=== Dataset records ===

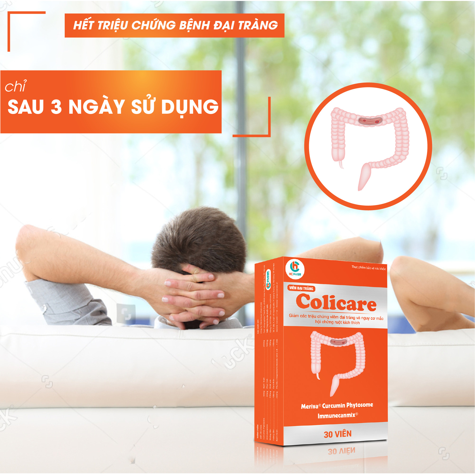 - Hỗ trợ miễn dịch đường tiêu hoá, giúp tái tạo vết loét và phục hồi niêm mạc đại tràng. ★ ƯU ĐIỂM CỦA VIÊN ĐẠI TRÀNG COLICARE - TÁC DỤNG NHANH: Bài thuốc cổ truyền là công thức kết hợp các nguyên liệu theo nghiên cứu và kinh nghiệm của y học dân tộc một cách khoa học. Chỉ cần sau 3 ngày sử dụng các triệu chứng của viêm đại tràng hầu như sẽ không còn dấu hiệu tồn tại! - VƯỢT TRỘI: Với công nghệ hiện đại giúp phát huy tối đa tác dụng của nguyên liệu. Curcumin Phytosome vượt trội về khả năng hấp thu, phát huy tác dụng tốt nhất so với các nguyên liệu Curcumin hiện có. - HIỆU QUẢ LÂU DÀI: Với sự bổ sung các thành phần vừa bổ dưỡng vừa tăng cường miễn dịch cho cơ thể. Immunecanmix kích thích các tế bào miễn dịch hoạt động, bổ sung dưỡng chất tế bào biểu mô và cung cấp thức ăn cho vi khuẩn có lợi đường ruột - AN TOÀN: Sản phẩm có nguồn gốc 100% tự nhiên. ★ ĐỐI TƯỢNG SỬ DỤNG
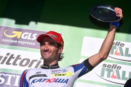萨夏•莫多洛(Sacha Modolo)今天终于站在了最高领奖台上,同时凭借赛段冠军获得的16个积分,在冲刺积分榜上反超帕里尼3分,夺得绿衫。
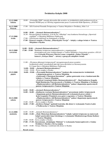 Świdnicka Kolęda 2008 13.12.2008 Sobota 10.00 – „Gwiazdka 2008” zawody pływackie dla uczniów ze świdnickich szkół podstawowych na basenie ŚOSiR przy ul. Równej organizowane przez Uczniowski Klub Sportowy „SVIDA” 16.12.2008 Wtorek 17.00 – XIX Festiwal Piosenki Świątecznej w Teatrze Miejskim w Świdnicy, bilet 3 zł 17.12.2008 środa 18.12.2008 czwartek 19.12.2008 piątek 20.12.2008 sobota 21.12.2008 niedziela 14.00 – 18.00 – „Jarmark BoŜonarodzeniowy” 16.30 – Rozstrzygnięcie konkursu „List do Św. Mikołaja” oraz konkursu literackiego „Opowieść wigilijna” w Miejskiej Bibliotece Publicznej 17.00 – Zaświecenie dekoracji na fontannach w Rynku 17.00 – Koncert zespołu z Ukrainy „Pikardyjska Tercja” – kolędy z całego świata w Teatrze Miejskim w Rynku 14.00 – 18.00 – „Jarmark BoŜonarodzeniowy” 17.00 – 19.00 – Spotkanie świąteczne samorządowców z organizacjami pozarządowymi oraz świdniczanami w Teatrze Miejskim z koncertem uczniów z III LO oraz Gwiazdą Wieczoru Marcia Leone z zespołem „Zakaz Wjazdu” – koncert „Gorąca Zima” – utwory z gorących zakątków świata 11.00 – „Wystawa dekoracji świątecznych” przygotowanych przez uczniów świdnickich szkół i przedszkoli jako dar serca dla dzieci ze Stowarzyszenia Ut Unum Sint w Miejskiej Bibliotece Publicznej 14.00 – 18.00 – „Jarmark BoŜonarodzeniowy” 15.00 – 18.00 – śywa szopka w Rynku 16.00 – 19.00 – „Przysmaki BoŜonarodzeniowe” konkurs dla restauratorów świdnickich z degustacją potraw w Teatrze Miejskim „Gotowanie z Maciejem Kuroniem” – pokaz gotowania wraz z konkursami dla widzów w Teatrze Miejskim „Festiwal AranŜacji Stołów BoŜonarodzeniowych” – finał konkursu Zespołu Szkół Hotelarsko-Turystycznych w Świdnicy w Teatrze Miejskim w Świdnicy „Międzynarodowy stół BoŜonarodzeniowy” pokaz i degustacja egzotycznych potraw świątecznych w Teatrze Miejskim 14.00 – 18.00 – „Jarmark BoŜonarodzeniowy” 14.00 – 16.00 – „Kulinarne wariacje BoŜonarodzeniowe” prezentacje stołów świątecznych i degustacja potraw BoŜonarodzeniowych wykonanych przez szkoły i Koła Gospodyń Wiejskich oraz gości z zagranicy w Teatrze Miejskim „Międzynarodowy stół BoŜonarodzeniowy” pokaz i degustacja egzotycznych potraw świątecznych w Teatrze Miejskim 15.00 - 18.00 – śywa szopka w Rynku 16.00 – 17.00 – „Królowa Śniegu” spektakl teatralny dla dzieci w wykonaniu Teatru Lalek z Wałbrzycha w Teatrze Miejskim 14.00 – 18.00 – „Jarmark BoŜonarodzeniowy” 12.00 – 13.00 – „Małe Misterium BoŜonarodzeniowe” kolędy i pieśni świąteczne na motywach kolęd i pastorałek Jana Górskiego w wykonaniu MłodzieŜowego Domu Kultury w Teatrze Miejskim 15.00 - 18.00 – śywa szopka w Rynku 17.00 – 17.30 - Inscenizacja „Kolędujmy Małemu” w wykonaniu Samorządowców z Gminy Świdnica w Rynku z śywą szopką 16.00 – 18.00 – Święty Mikołaj z reniferami dla dzieci w Rynku Rynek scena: 15.00 – 15.45 – Turniej kolędników na najlepszy strój 15.45 – 16.00 – Rozstrzygnięcie konkursu „Rodzinne Szopki BoŜonarodzeniowe” 16.00 – 16.05 – Odsłonięcie „Szopki Świdnickiej” wykonanej przez pracownie plastyczną i modelarską z MłodzieŜowego Domu Kultury w Galerii Fotografii 16.05 – 17.00 – Wspólne kolędowanie dzieci ze świetlic środowiskowych, Ut Unum Sint, TPD, „Serce”, Studio MDK 17.30 – 18.00 – Koncert kolęd i pastorałek w wykonaniu chóru „Cantilena” 14.00 – 18.00 – „Jarmark BoŜonarodzeniowy” 16.00 – 18.00 – Wypalanie w piecu metodą „RACU” wyrobów wykonanych przez świdniczan podczas warsztatów Mistrza Garncarstwa Andrzeja Czerniec w Rynku 17.00 – 18.00 – Anioły rozdające cukierki w Rynku 22.12.2008 poniedziałek Rynek scena: 15.30 – 15.45 – „Kolędowanie” Studio Piosenki „La Chanson” 15.45 – 16.00 – „Pastorałki dla Świdniczan” w wykonaniu samorządowców z miasta, gminy i powiatu 16.00 – 16.30 – Występ laureatów Festiwalu Piosenki Świątecznej 16.30 – 17.15 – Występ Zespołu Tańca Narodowego i Estradowego „Krąg” 17.15 – 17.30 – Odczytanie fragmentów nagrodzonych prac w konkursie „Opowieść Wigilijna” 17.30 – 17.45 – „Kolędy z całego świata” koncert Marcii Leone z zespołem „Zakaz Wjazdu” 17.45 – 18.15 – Taniec Ognia 14.00 – 18.00 – „Jarmark BoŜonarodzeniowy” 17.00 – Wspólnie kosztujemy największe ciasto świąteczne w Rynku 16.15 – 17.15 – „Spacer Aniołów” na szczudłach w Rynku 17.00 – 18.00 – Anioły rozdające cukierki w Rynku 23.12.2008 wtorek 27-30.12.2008 Rynek scena: 15.30 - 16.10 – Kolędy w wykonaniu zespołu dziecięcego „Serduszka” 16.10 – 16.20 – Rozstrzygnięcie konkursów: fotograficznego „BoŜonarodzeniowa Świdnica” plastycznego „Kartka Świąteczna” oraz na najładniej przystrojony dom 16.20 – 17.20 – Występ zespołu Pieśni i Tańca „Jubilat” i jego gości 17.20 – 18.00 – „Wigilia wszystkich Świdniczan” - przekazanie Gospodarzom światła betlejemskiego przez harcerzy - Ŝyczenia od Gospodarzy oraz przedstawicieli wyznań religijnych Świdnicy dla zebranych gości, dzielenie się opłatkiem i gorący barszczyk - wspólne kolędowanie z zespołem „Jubilat” 18.00 – 18.30 – Koncert pastorałek zespołu „Amatorzy Tabasco Club” - „Rodzinne kolędowanie” 18.30 – Zakończenie uroczystości 9.00 – 16.00 – V Międzynarodowy Turniej Piłkarski „Silesian Winter Cup”, Hala sportowa Zawiszów, ul. Galla Anonima 1 Informacje dodatkowe 17-23 grudnia Rynek 14.00-18.00 – „Opłatki świdnickie” sprzedaŜ opłatków świątecznych przez młodzieŜ z Diecezji Świdnickiej 17-23 grudnia Rynek 14.00-18.00 – „Gospoda Zagłoba” w Rynku z potrawami oraz napojami świątecznymi 17-21 grudnia Rynek 16:00-17:00 – Warsztaty garncarskie dla ś
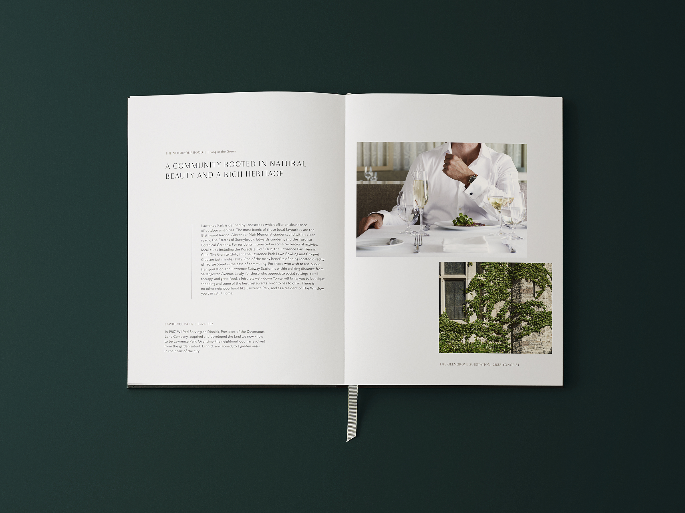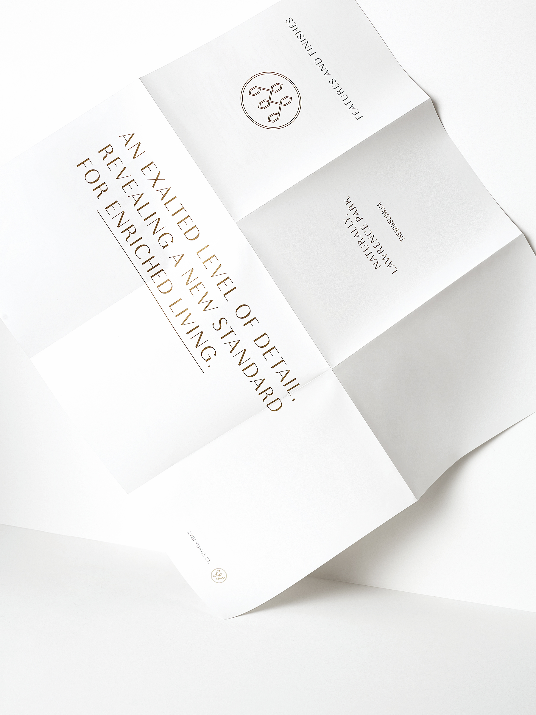 From the earliest stages of the project, the ideas of community and connectivity played a major role in the brand strategy. Lawrence Park is a well-established and affluent community that values the qualities of time and a life well lived — all of which are conveyed through the brand identity.
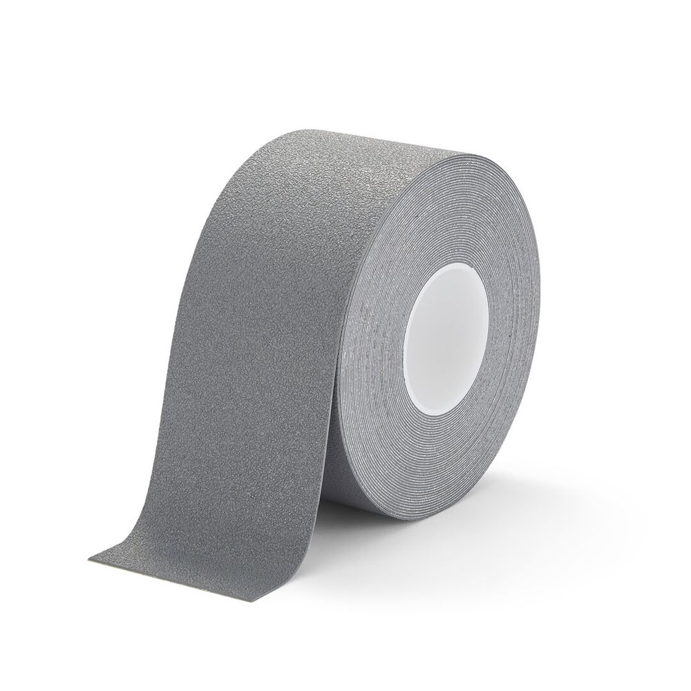 Šedá plastová vodeodolná protišmyková páska Super Resilient - dĺžka 18,3 m, šírka 10 cm, hrúbka 1,3 mm Hrubá pružná páska ideálna pre oblasti, ktoré vyžadujú nekĺzavý povrch pre bosú nohu a zároveň sú vystavené vode, ako sú napr. umyvárne, bazény alebo lode. Vzhľadom na to, že páska je vodotesná a neabrazívna, vyhovuje obom oblastiam. Páska je vyrobená z reliéfnej plastovej fólie, ktorá síce nie je abrazívna, ale napriek tomu má vysokú hladinu CoF (koeficient trenia). Použitím techniky razenia na neabrazívnom materiáli sa vytvorí povrchová štruktúra s vynikajúcou protišmykovosťou (hladinou CoF). Použitím techniky mikro vyfukovania do stále ešte rozžeraveného materiálu je možné vytvoriť ďalšie vzorovanie povrchu, ktoré navýši hladinu CoF. Hrubší vzor zabraňuje upchatiu pásky nečistotami, ako je prach, ľad, voda atď. Základný materiál pásky je upravený tak, aby získal povrch, ktorý je extrémne podobný kaučuku. Nielen že má skvelé protišmykové parametre, ale jeho vlastná mäkkosť mu dáva pridržiavacie vlastnosti. Aj keď vzorkovanie nie je tak ostré ako pri klasickej korundovej páske, materiálové vlastnosti protišmykovosť vykompenzujú. Najčastejšie použitie umyvárne, bazény, lode Vlastnosti samolepiaca a protišmyková vrstva vodeodolnosť šetrnosť voči bosej nohe a textíliám mäkký nášľap Technické údaje farba: sivá materiál lineru: silikonizovaný papier materiál: PET základňa, PVC povrch lepidlo: akrylové dĺžka: 18,3 m cm hrúbka: 1,3 mm koeficient trenia: 95 TRL (suchý povrch), 60 TRL (mokrý povrch) priľnavosť k oceli: 5,714 (kg / 25,4 mm) prevádzková teplota: -10 až +80 °C odrazivosť svetla: ? 5,75 LRV (rozsah 1 ) Montáž / inštalácia Pred použitím zaistite, aby bola páska skladovaná vo svojom obale (ak v ňom bola dodaná), v suchu a min. teplote 10 ° C. Pred nalepením je potrebné zbaviť cieľový povrch všetkých nečistôt a mastnoty. Nepoužívajte metylalkohol, benzín, kvapalinu do zapaľovača ani iné kvapaliny, ktoré by za sebou mohli zanechať mastný film. Povrch na nanesenie pásky by mal mať aspoň 10 °C (pokiaľ nie je uvedené v technických parametroch inak). Pórovité povrchy je nutné pred aplikáciou utesniť, aby nedošlo k napadnutiu lepidla vodou. Základné nátery na báze toluénu sú ideálne. Na očistený povrch naneste štetcom tenkú vrstvu a potom nechajte zaschnúť. Pre aplikáciu pásky odlepte zadnú časť uvoľňovacej fólie, potom pevne pritlačte lepidlo na pripravený povrch a pomaly pokračujte v odlepovaní fólie. Snažte sa zaistiť, aby páska nebola napnutá. Po nanesení pásky pevne pritlačte rovnomerným tlakom (ideálne je použiť valček). Na predĺženie životnosti produktu odporúčame utesniť hrany pásky pomocou „fixovača hrán“. Na fixáciu naneste malé množstvo po okrajoch pásky. Pokiaľ je páska správne aplikovaná, je nový protišmykový povrch ihneď pochôdzny, aj keď po 48 hodinách získa lepiaci systém najlepšie vlastnosti.

=== What to work on ===
Write out exactly the lines between the start of the data and the line with "萨夏•莫多洛(Sacha M", including both, but none of the pictures.

=== Written solution ===
 - Hỗ trợ miễn dịch đường tiêu hoá, giúp tái tạo vết loét và phục hồi niêm mạc đại tràng. ★ ƯU ĐIỂM CỦA VIÊN ĐẠI TRÀNG COLICARE - TÁC DỤNG NHANH: Bài thuốc cổ truyền là công thức kết hợp các nguyên liệu theo nghiên cứu và kinh nghiệm của y học dân tộc một cách khoa học. Chỉ cần sau 3 ngày sử dụng các triệu chứng của viêm đại tràng hầu như sẽ không còn dấu hiệu tồn tại! - VƯỢT TRỘI: Với công nghệ hiện đại giúp phát huy tối đa tác dụng của nguyên liệu. Curcumin Phytosome vượt trội về khả năng hấp thu, phát huy tác dụng tốt nhất so với các nguyên liệu Curcumin hiện có. - HIỆU QUẢ LÂU DÀI: Với sự bổ sung các thành phần vừa bổ dưỡng vừa tăng cường miễn dịch cho cơ thể. Immunecanmix kích thích các tế bào miễn dịch hoạt động, bổ sung dưỡng chất tế bào biểu mô và cung cấp thức ăn cho vi khuẩn có lợi đường ruột - AN TOÀN: Sản phẩm có nguồn gốc 100% tự nhiên. ★ ĐỐI TƯỢNG SỬ DỤNG
萨夏•莫多洛(Sacha Modolo)今天终于站在了最高领奖台上,同时凭借赛段冠军获得的16个积分,在冲刺积分榜上反超帕里尼3分,夺得绿衫。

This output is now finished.